**Activity:** Write out the opening lines of the data word for word, up to and including the line with "点评人王迪助理教授对该研究的", and leave every picture and every later line out.

[Available data]

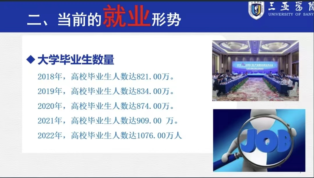 随后,杨玉英院长提出在当前就业形势下,人人都想在大学毕业后立即有一份工作,但是随着大学毕业生的数目增多,找工作的需求以及更多竞争压力由此而来。在疫情的影响下,很多企业为了保障公司的基本运作,不得不做出了许多防范,这导致就业难度的增加。
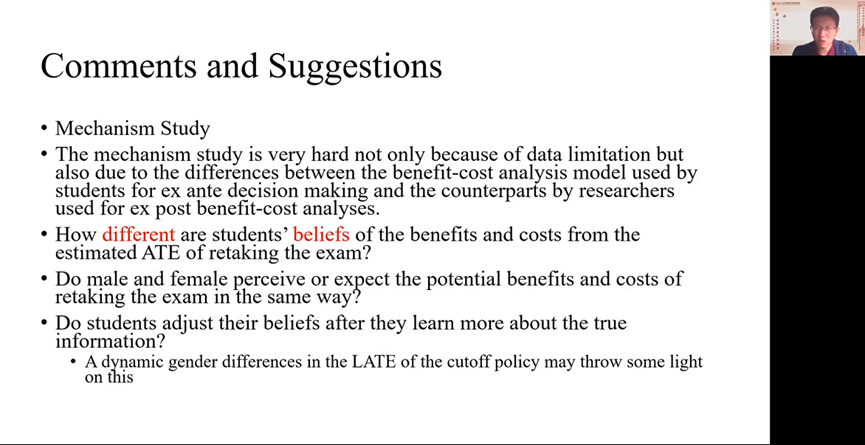 点评人王迪助理教授对该研究的重要性、严谨性、规范性等给予了高度肯定,指出该研究将高考制度安排和断点回归设计结合,是一篇利用断点回归开展实证研究的范文;采用排除法进行机制探讨是一种基于有限数据的巧妙方法,对未来的研究具有很强的启发性。王老师建议,可以增加与行为经济学、实验经济学已有文献的对话,讨论高考本身和利用游戏等实验方法构造的高风险竞争环境的区别,以强调高考的现实意义和重要性;由于该研究没有提供非认知能力的性别差异的直接证据,可以考虑从其他角度对该方面的贡献予以补充;学生或家长在决策时的事前分析和学者研究时的事后成本效益分析可能存在差异,比如学生对复读的成本收益的感知及男女性的认识差异和研究中的估计可能不同,可以通过调查、干预等方式更加深入地了解学生及其家庭对复读的认识;随着信息的增加,男女性对复读的认识可能发生变化,可以进一步分析性别差异随时间的变化。此外,王老师还分享了三篇与该研究主题相关的最新的论文。
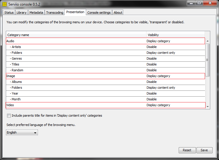 2. In Serviio console, make sure you have the MAIN folders set to display in the presentation menu. (Ones in RED are the important ones; the rest can be anything you like.)
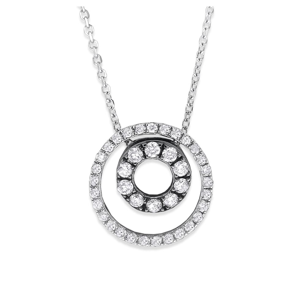 Diamond Double Circle Necklace in 14K White Gold with 39 Diamonds Weighing .32 ct tw
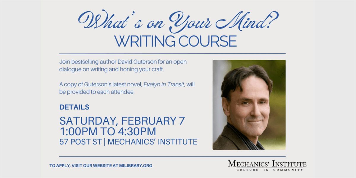 Join bestselling author David Guterson for an open dialogue on writing and honing your craft. David will begin the class with a Q&A session to determine which fiction writing topics are most interesting to the attendees - whatever is on their minds, whatever is most pressing and urgent, whatever it is they hoped for when they signed up. These topics will be discussed and explored, and David will then introduce further considerations, among them titles, opening lines, opening chapters visualizing characters, understatement, time, psychic distance, noticing, distillation, reading yourself, and the relationship between mood and syntax.
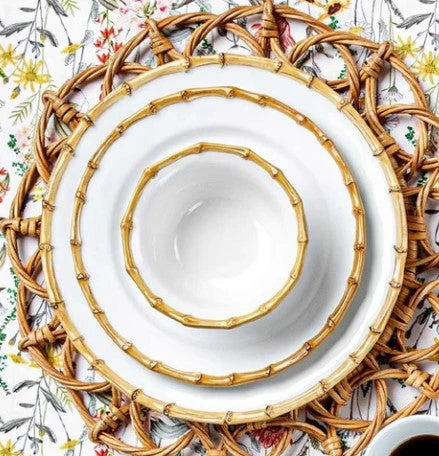 From the Classic Bamboo Collection- Natural textures are immediately welcoming. Our bamboo trim exudes casual elegance that lends a dash of international flair to the table and mixes easily with other collection.
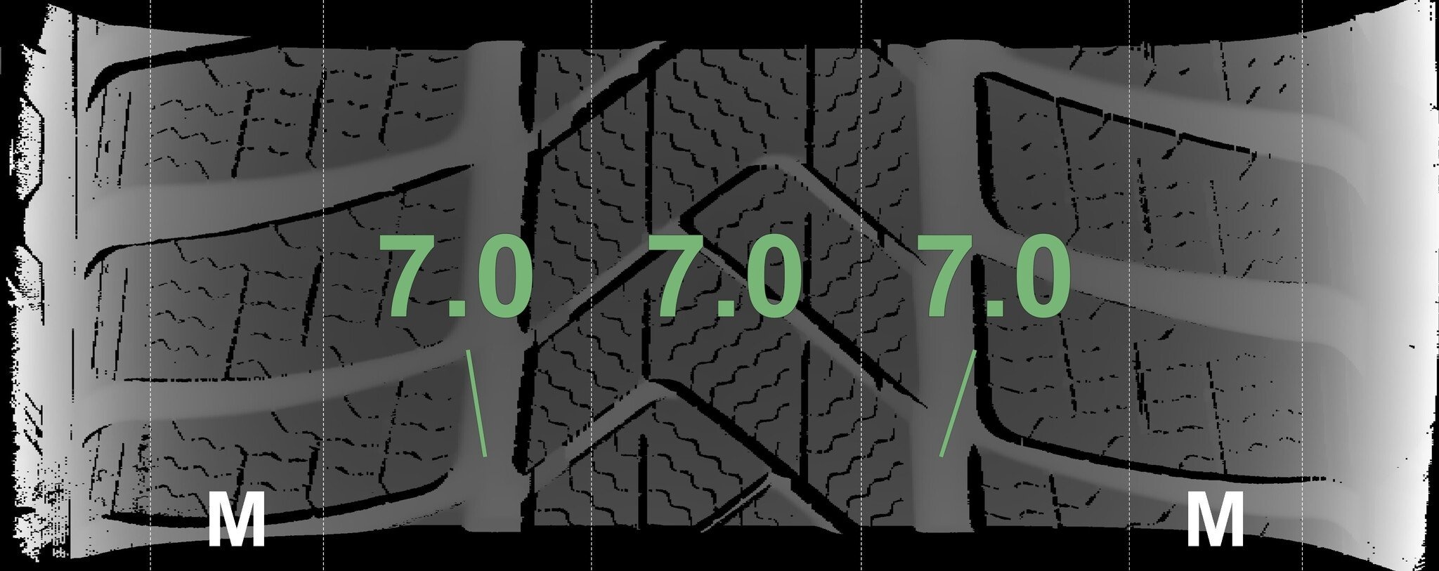 | Zustand | Profiltiefe | DOT | Vorderachse Rechts | Neu | 7,0 mm | 2522 |
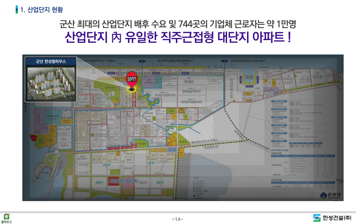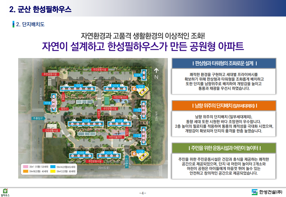한성건설에서 건설한 군산 한성필하우스는 산업단지내 유일한 직주근접형 아파트로서 판상형과 타워형의 조화로운 설계로 건축되었습니다
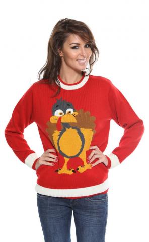 Our Christmas Turkey ladies jumper is ideal for any Christmas Party. Red jumper with white cuffs and a turkey design on the front
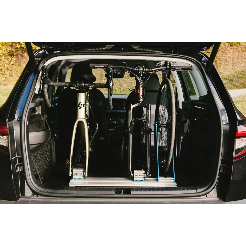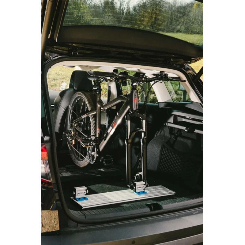 Le porte-vélos Basic de la marque EASY IN est un équipement conçu pour emporter à bord de votre camping-car 2 vélos : facile à monter, peu encombrant, il utilise la fourche de votre vélo pour assurer son transport en toute sécurité.
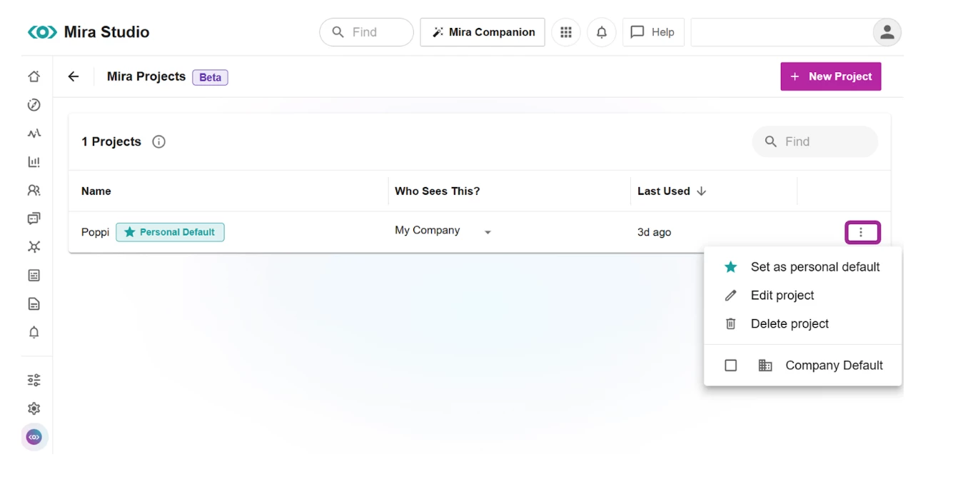 - Définir comme défaut personnel : charge automatiquement ce projet chaque fois que vous ouvrez Mira Studio
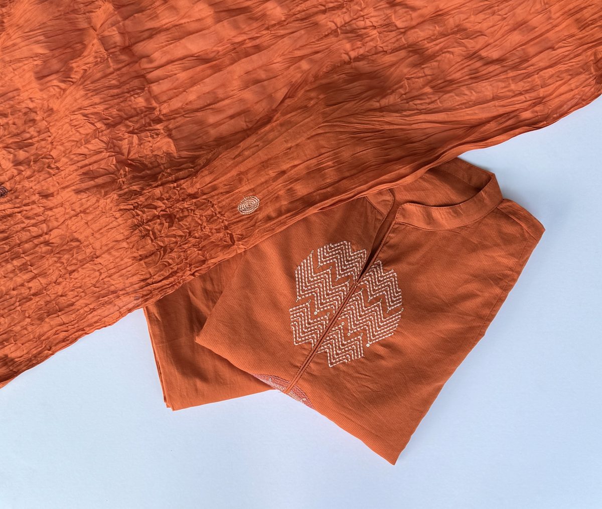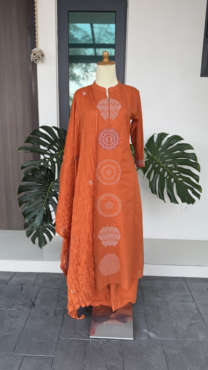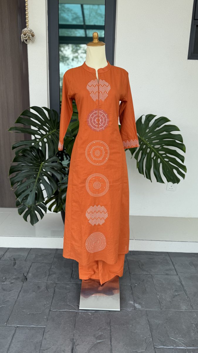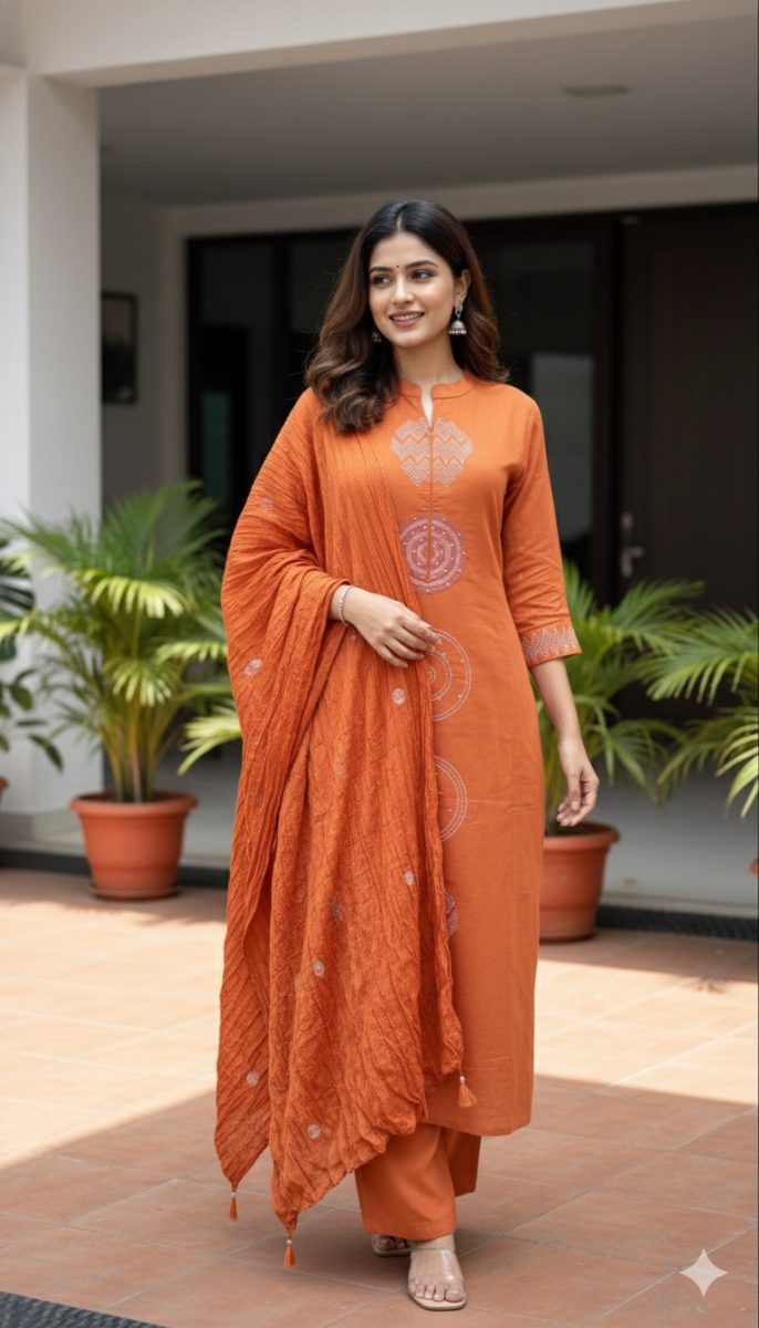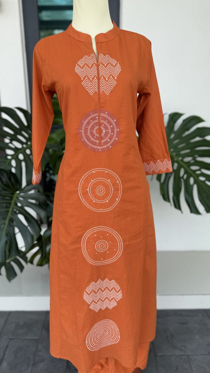 KCH0019:Cocoa Bloom Embroidered Cotton Kurta Suit

[/Available data]

**Output of the exercise:**
 随后,杨玉英院长提出在当前就业形势下,人人都想在大学毕业后立即有一份工作,但是随着大学毕业生的数目增多,找工作的需求以及更多竞争压力由此而来。在疫情的影响下,很多企业为了保障公司的基本运作,不得不做出了许多防范,这导致就业难度的增加。
 点评人王迪助理教授对该研究的重要性、严谨性、规范性等给予了高度肯定,指出该研究将高考制度安排和断点回归设计结合,是一篇利用断点回归开展实证研究的范文;采用排除法进行机制探讨是一种基于有限数据的巧妙方法,对未来的研究具有很强的启发性。王老师建议,可以增加与行为经济学、实验经济学已有文献的对话,讨论高考本身和利用游戏等实验方法构造的高风险竞争环境的区别,以强调高考的现实意义和重要性;由于该研究没有提供非认知能力的性别差异的直接证据,可以考虑从其他角度对该方面的贡献予以补充;学生或家长在决策时的事前分析和学者研究时的事后成本效益分析可能存在差异,比如学生对复读的成本收益的感知及男女性的认识差异和研究中的估计可能不同,可以通过调查、干预等方式更加深入地了解学生及其家庭对复读的认识;随着信息的增加,男女性对复读的认识可能发生变化,可以进一步分析性别差异随时间的变化。此外,王老师还分享了三篇与该研究主题相关的最新的论文。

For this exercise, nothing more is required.